Rising domestic consumption, particularly for biofuel production, is limiting exportable surpluses. The US Department of Agriculture (USDA) forecasts 2025/26 soybean production at 4.3 billion bushels, down 43 million from prior estimates due to a 3% decline in planted and harvested acres, though yields are projected at 53.6 bushels per acre.
Exports are expected to fall to 1.7 billion bushels, reflecting tighter supplies and increased crushing for soybean oil used in biodiesel. In 2024, half of the US’s 13 million metric tons of soybean oil went to biodiesel, prompting crushers to seek more beans domestically and reducing exports by one billion pounds in 2025/26.
Global oilseed stocks are also tightening, with ending stocks lowered due to reduced soybean inventories. These dynamics keep season-average prices stable at $10.10 per bushel but cap export growth, with new crop sales down 81% from the five-year average.
Unpredictable trade policies are compounding logistical hurdles, disrupting the flow of soybeans to international markets. With harvest 45-60 days away in August 2025, the absence of Chinese orders creates surplus risks, forcing farmers to incur steep storage expenses amid falling prices.
Supply chains optimized for China – such as barge transport from the Midwest to Gulf ports (two weeks) or rail to the Pacific Northwest (five days plus two weeks by vessel) – are underutilized, leading to inefficiencies.
Tariffs have reshaped global routes, with a 2025 USDA report estimating a 25% drop in US soybean exports to China since 2023, costing $2 billion and idling infrastructure like West Coast ports. Broader tariff threats on Mexico and China could impact over $30 billion in annual agricultural trade flows, further straining last-mile logistics and eroding supply chain reliability.
Climate change is exacerbating production challenges, indirectly affecting export volumes through reduced yields and quality. In 2025, Midwest farmers have faced excess rainfall, fueling diseases like northern corn leaf blight and pest pressures in soybean fields, with Ohio experiencing planting delays and ponding that stunt crop maturity.
Last year’s droughts in the eastern corn belt slashed yields by 25-30%, costing $11 billion nationally.
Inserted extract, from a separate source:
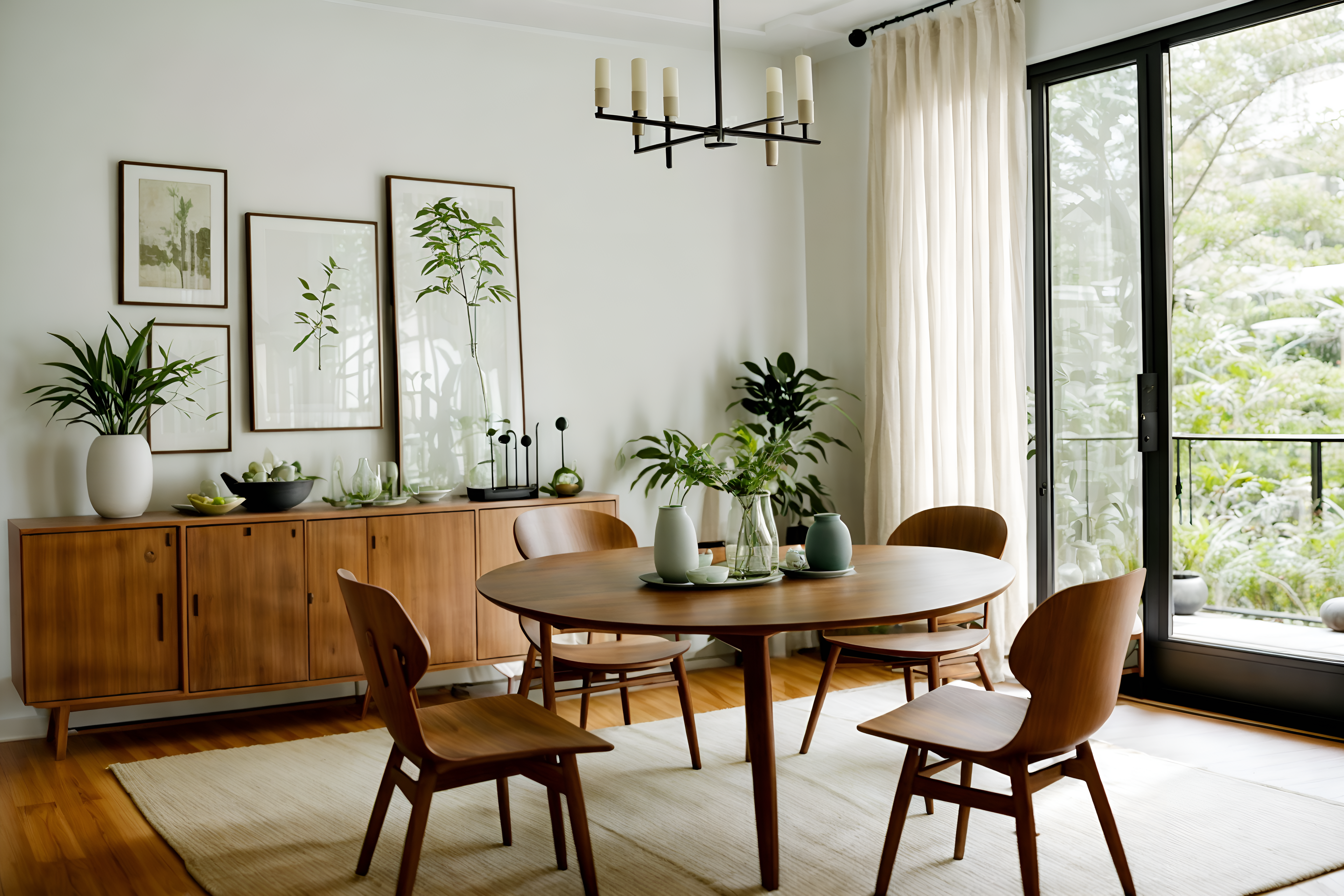 photo from pinterest of zen-style interior designed (dining room interior) with vase and dining table and plant and plates, cutlery and glasses on dining table and dining table chairs and painting or photo on wall and light or chandelier and bookshelves. . with serenity and harmony and natural light and natural textures and simplicity and asian interior and simple furniture and calm and neutral colors and japanese minimalist interior. . cinematic photo, highly detailed, cinematic lighting, ultra-detailed, ultrarealistic, photorealism, 8k. trending on pinterest. zen interior design style. masterpiece, cinematic light, ultrarealistic+, photorealistic+, 8k, raw photo, realistic, sharp focus on eyes, (symmetrical eyes), (intact eyes), hyperrealistic, highest quality, best quality, , highly detailed, masterpiece, best quality, extremely detailed 8k wallpaper, masterpiece, best quality, ultra-detailed, best shadow, detailed background, detailed face, detailed eyes, high contrast, best illumination, detailed face, dulux, caustic, dynamic angle, detailed glow. dramatic lighting. highly detailed, insanely detailed hair, symmetrical, intricate details, professionally retouched, 8k high definition. strong bokeh. award winning photo.

Projections indicate a 3% decrease in US soybean yields by 2036, with central states potentially seeing up to 7.1% declines, leading to a $319 million drop in exports—including $171 million to China.
Broader trends show adverse impacts from warming temperatures, heavy rains, and extreme events like tornadoes and hail storms, with soybean yields projected to fall by up to 24% in coming decades. These weather stresses not only lower output but also increase vulnerability to pests and diseases, compounding export challenges when combined with trade barriers.
The multifaceted problems plaguing US soybean exports in 2025 – trade tariffs, South American competition, domestic shifts, logistical woes, and climate impacts – are interconnected, creating a vicious cycle of reduced demand, surplus stocks, and financial strain for farmers.
Without policy interventions like tariff reductions or diversified markets, the sector risks a widening agricultural trade deficit and economic contraction in soybean-dependent states. Initiatives by groups like the American Soybean Association to reopen Chinese access and promote quality advantages offer hope, but urgent action is needed to secure the future of this vital export.
As global demand for soybeans grows with biofuel expansion and food needs, the US must navigate these hurdles to regain its competitive footing.